On 11/03/2014 05:06 PM, Alvaro Herrera wrote:
> Josh Berkus wrote:
>> Hackers,
>>
>> I'm looking at a couple of high-transaction-rate and high-FK-conflict
>> rate servers where pg_multixact has grown to be more than 1GB in size.
>> One such server doesn't appear to be having any notable issues with
>> vacuuming, and the oldest mxid on the system is about 47m old. VACUUM
>> FREEZEing the oldest databases did not cause the pg_multixact dir to get
>> smaller --- it may have even caused it to get larger.
>>
>> Why would pg_multixact not be truncating? Does it never truncate files
>> with aborted multixacts in them? Might we have another multixact bug?
>
> Have a look at the MultiXactId values in pg_controldata, datminmxid in
> pg_database, and relminmxid in pg_class. They should advance as you
> VACUUM FREEZE. If it's stuck at 1, you might be in pg_upgrade trouble
> if you used 9.3.4 or earlier to upgrade.

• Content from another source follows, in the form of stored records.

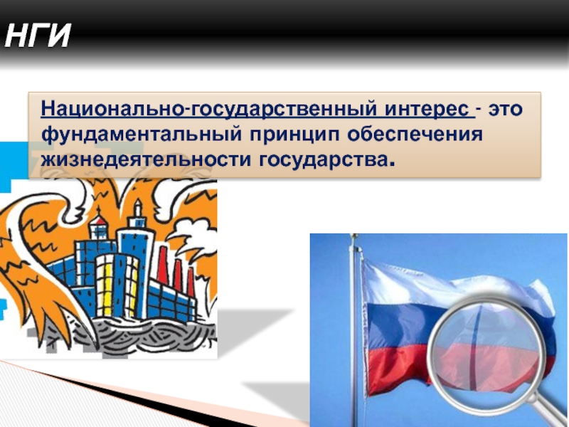 Слайд 22Национально-государственный интерес - это фундаментальный принцип обеспечения жизнедеятельности государства.
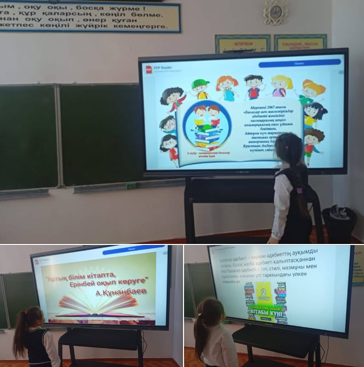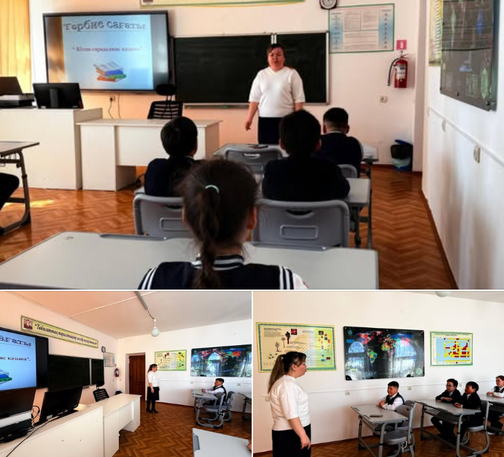 4-сынып оқушыларымен "Кітап – рухани қазына" тақырыбында тәрбие сағаты өткізілді. Мақсаты: Оқушыларға кітаптың адам өміріндегі маңызын түсіндіру; Кітап оқуға деген қызығушылығын арттыру; Рухани байлықты бағалай білуге, білімге құштарлыққа тәрбиелеу; Сөздік қорын, ойлау қабілетін дамыту. Сынып жетекшісі: Байдаулетова А.И. #адал_азамат
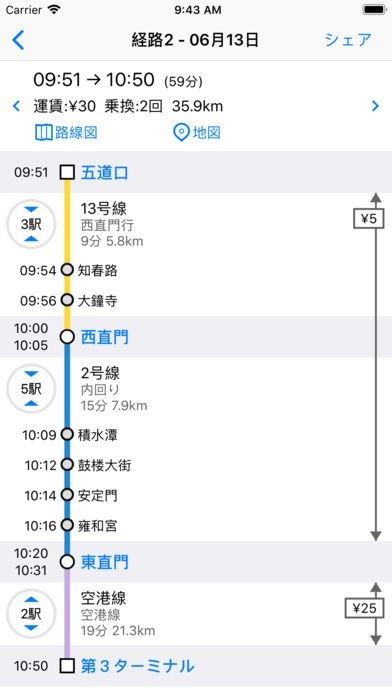 出発駅、到着駅、時間を選択すると、複数なルート、時間、距離、運賃情報を取得します。
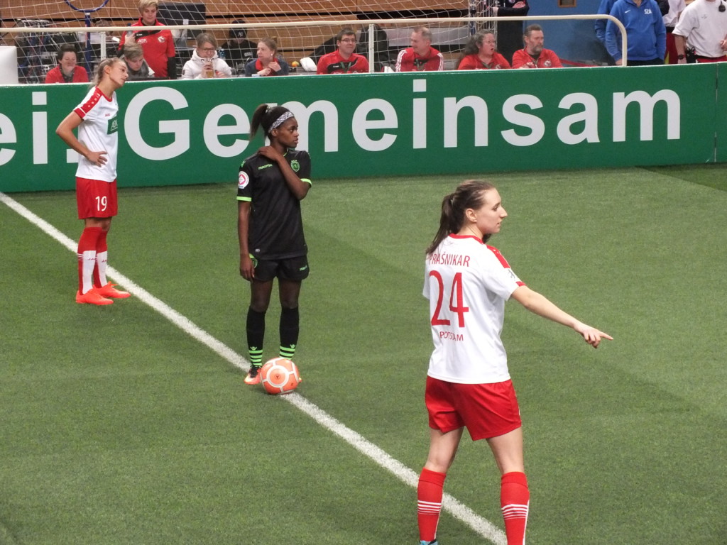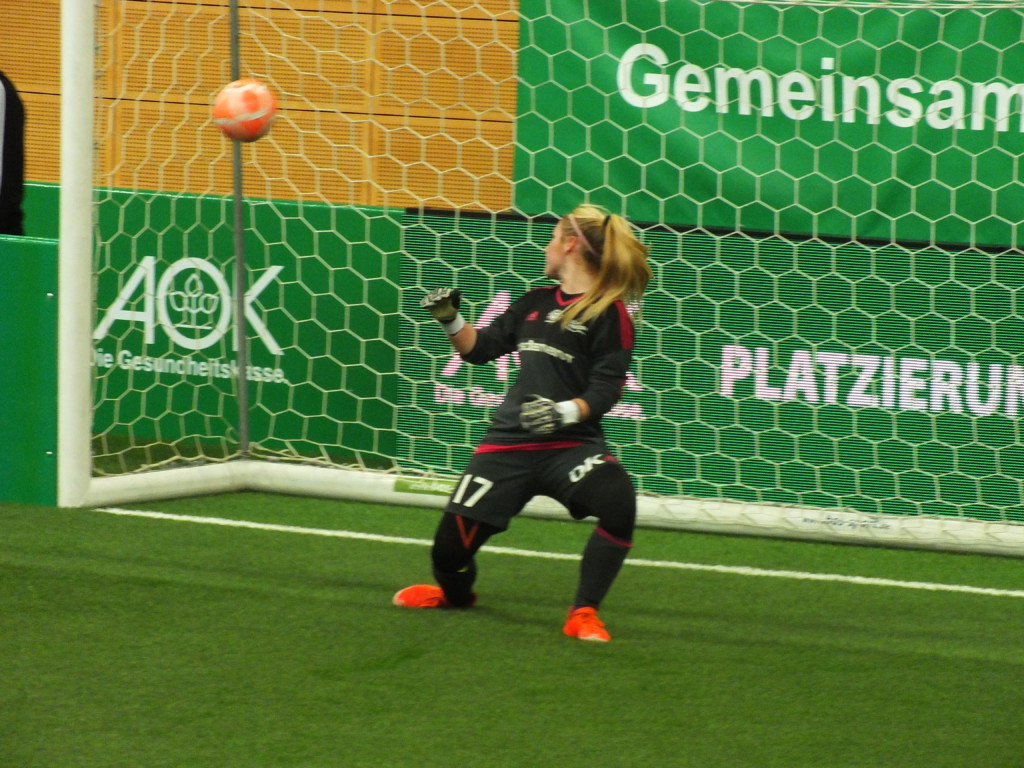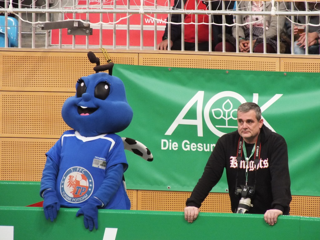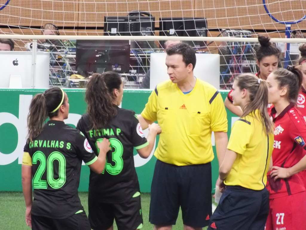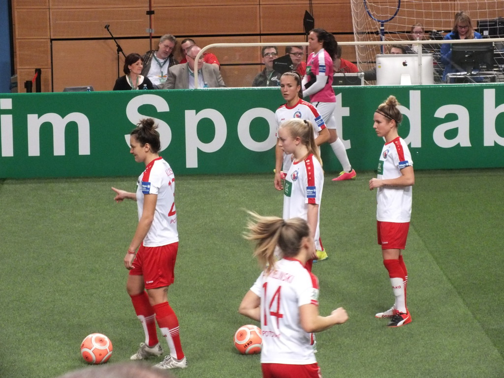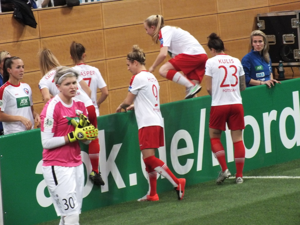 Überraschung Nr.3 war, dass Turbine Potsdam das entscheidende Spiel in der K.O.-Runde nicht verlor;-) Der „Hänger“ wurde in den Sonntagmorgen verlagert, als die Torbienen gegen Sporting Lissabon ihr einziges Spiel innerhalb der Gruppenphase verloren. Ansonsten spielten sie frisch und frei auf und reihten insbesondere am 1. Spieltag des Turniers einen Kantersieg an den anderen. Es war einfach nur erfrischend und begeisternd, den Mädels beim Spiel zuzusehen. Absolute Heimspielatmosphäre! Svenja Huth, die verletzungsbedingt am Finalspiel nicht teilnehmen konnte, dafür aber unter lautstarken „Huth-Huth!“- Rufen einen ins Aus geschossenen Ball hinter der Bande auffing, wurde am Ende als Torschützenkönigin mit 10 Treffern geehrt, was ihre Tränen schnell zu Freudentränen verwandeln ließ. Überraschend auch das spielerische Können der beiden „Küken“, Gina Chmielinski und Caroline Siems, die mit ihren drei Treffern zum 3:1-Sieg im Finale beitrugen und somit nicht den Vogel, sondern den Hallenpokal galant abschossen. Beim Hallenturnier in Jöllenbeck hatten sie sich bereits gut eingespielt, sodass dieses gezeigte Potenzial für die dort anwesenden Turbinefans weniger überraschend erschien. Nett umrandet wurde das „Küken-Können“ durch ein Interview-Video mit der Reporterin Inka Wesely.
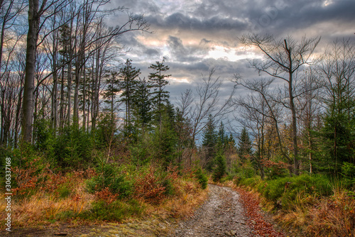 Gorgeous road from mountain with beech trees around in autumn
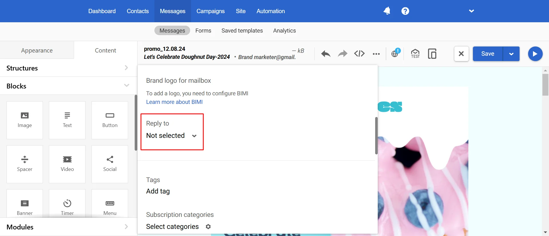 If you do not specify the name of the email when saving, the subject of the campaign will be automatically inserted into this field.
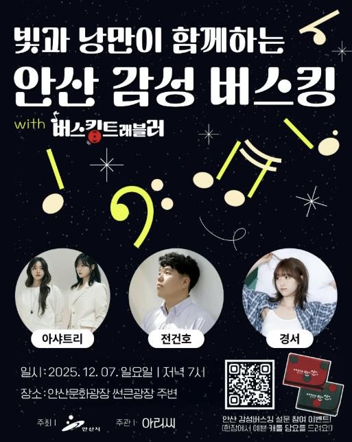 [무한뉴스=정승훈 기자] 안산시는 오는 7일 고잔동 안산문화광장 썬큰광장에서 ‘빛과 낭만이 함께하는 안산 감성 버스킹’ 공연을 개최한다고 3일 밝혔다.
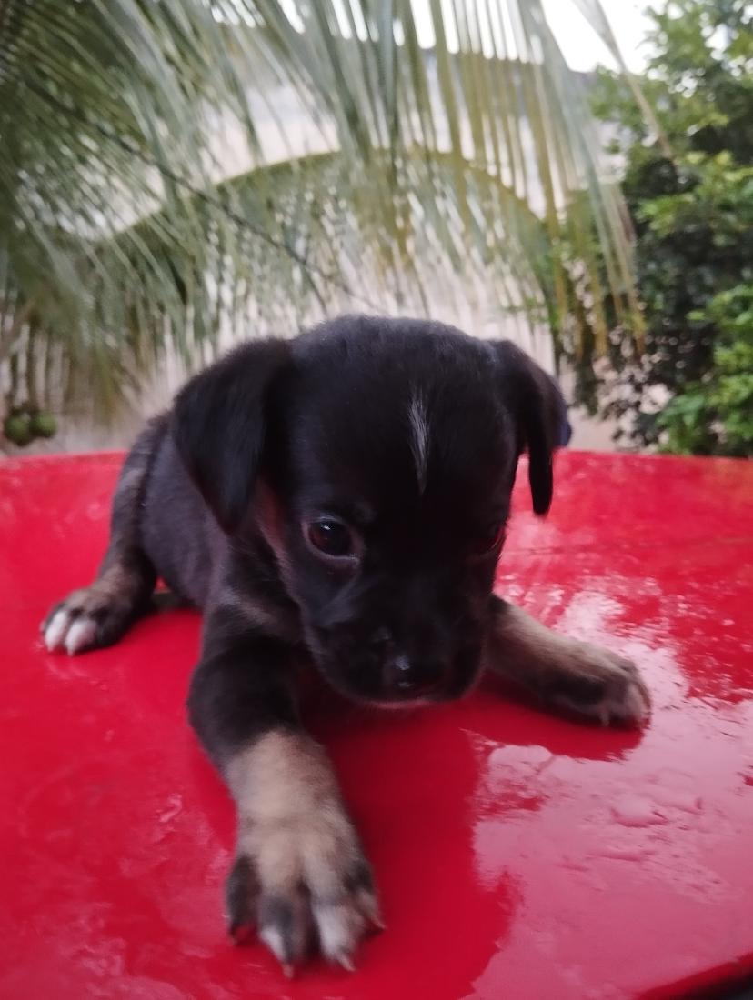 Linda cachorrinha fêmea manchinha na testa dócil preta e patinhas caramelo já come ração tomou a primeira dose do vermifugo se combinarmos levo na sua casa.
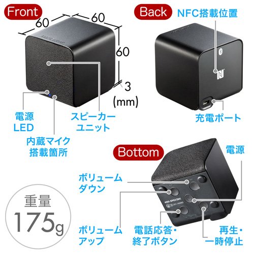 원본상품명: サンワダイレクト Bluetoothスピ?カ? 【手のひらサイズで持ち運びに便利】 NFC搭載 iPhone スマ?トフォン ?? シルバ? 400-SP052SV
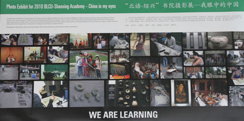 “我眼中的中国”摄影展在大学学生中心一楼大厅举行,参加展出的照片分为三个相互区分又紧密联系的主题:“悉心求学”“享受美食”和“人在旅途”。“悉心求学”主题收录项目参与者在中国学习汉语、学习中华文化技能的照片,他们或是在老师的带领下拿起毛笔,一笔一划地练习书法,或是近距离地观察传统乐器古筝,陶醉在美妙的中国古典乐曲中;“享受美食”主题的照片记录“绍兴书院”的学习者们在中国餐馆里享用地道、美味的中国菜的情景;“人在旅途”记录了学生们在北京、绍兴、上海观光游览的难忘经历。
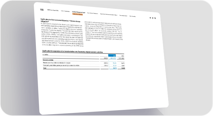155 BMW Group Report 2024 To Our Stakeholders Combined Management Report Group Financial Statements Responsibility Statement and Auditor’s Report Remuneration Report Other Information Sustainability Statement CapEx plan for Environmental Objective I “Climate change mitigation” A CapEx plan is required to be drawn up for capital expenditure and operating expenditure that expand Taxonomy-aligned eco- nomic activities or allow Taxonomy-eligible economic activities to become Taxonomy-aligned. This plan has been approved by the Board of Management of BMW AG and covers a seven-year period (2024–2030). The CapEx plan covers capital expenditure and operating expenditure for the reporting year and planned capital expenditure and operating expenditure (only non-capital- ised development costs) for 2024–2030 for economic activities CCM 3.3 and CCM 6.5. The selected future period corresponds to the detailed long-term corporate planning of the BMW Group and contains various investment measures with different imple- mentation times (e.g. electrification of the vehicle fleet, model re- visions, structural investments in production sites). The CapEx plan earmarks € 73,451 million for economic activity CCM 3.3 and € 25,324 million for economic activity CCM 6.5. The in- crease in Taxonomy-aligned capital expenditure and operating expenditure as compared to the previous year’s plan can largely be attributed to generally higher capital expenditure and operat- ing expenditure associated with electrification until the end of the decade. CapEx plan for expansion of or transformation into Taxonomy-aligned economic activities in € million 2024 2023 Code(s) 2024–2030 2023–2029 Economic activities Manufacture of low carbon technologies for transport CCM 3.3 73,451 68,473 Transport by motorbikes, passenger cars and light commercial vehicles CCM 6.5 25,324 24,847 Total 98,775 93,320
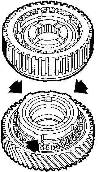 IMPORTANT: The recesses in the 1st/2nd synchronizer sleeve must align with the narrow gaps in the synchronizer hub.
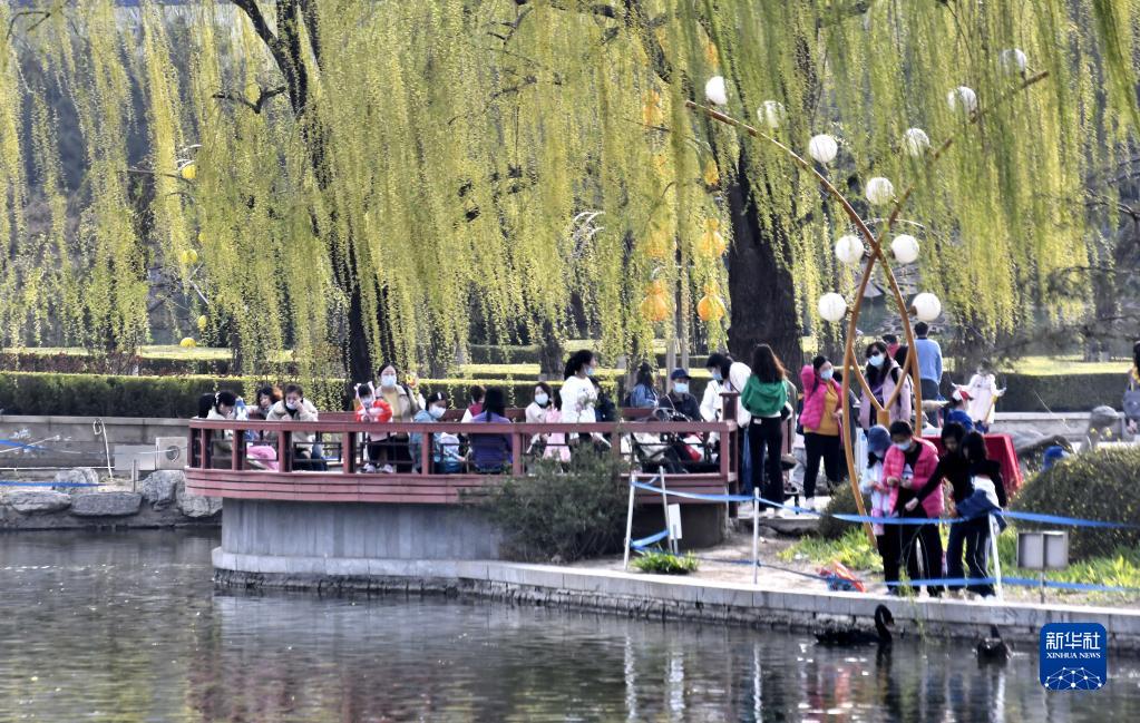 4月4日,市民在豐臺(tái)區(qū)世界花卉大觀園內(nèi)休閑踏青。(新華社記者 李欣 攝)

They're advancing. I also know for a fact that this system was not
pg_upgraded, because I set it up. It's always been on 9.3.5.
So after some vacuum freezing and a checkpoint, the oldestMultiXid
advanced by 9 million, about 20% of the gap with current multiXid.
However, that did not delete 20% of the files; before the Freeze there
were 4414 files, and now there are 4195. So advancing 9m mxids resulted
in only deleting ~~130 files. So I think we definitely have an issue here.
BTW, the reason I started poking into this was a report from a user that
they have a pg_multixact directory which is 21GB in size, and is 2X the
size of the database.
Here's XID data:
Latest checkpoint's NextXID: 0/1126461940
Latest checkpoint's NextOID: 371135838
Latest checkpoint's NextMultiXactId: 162092874
Latest checkpoint's NextMultiOffset: 778360290
Latest checkpoint's oldestXID: 945761490
Latest checkpoint's oldestXID's DB: 370038709
Latest checkpoint's oldestActiveXID: 1126461940
Latest checkpoint's oldestMultiXid: 123452201
Latest checkpoint's oldestMulti's DB: 370038709
Oldest mxid file is 29B2, newest is 3A13
No tables had a relminmxid of 1 (some of the system tables were 0,
though), and the data from pg_class and pg_database is consistent.
--
Josh Berkus
PostgreSQL Experts Inc.
http://pgexperts.com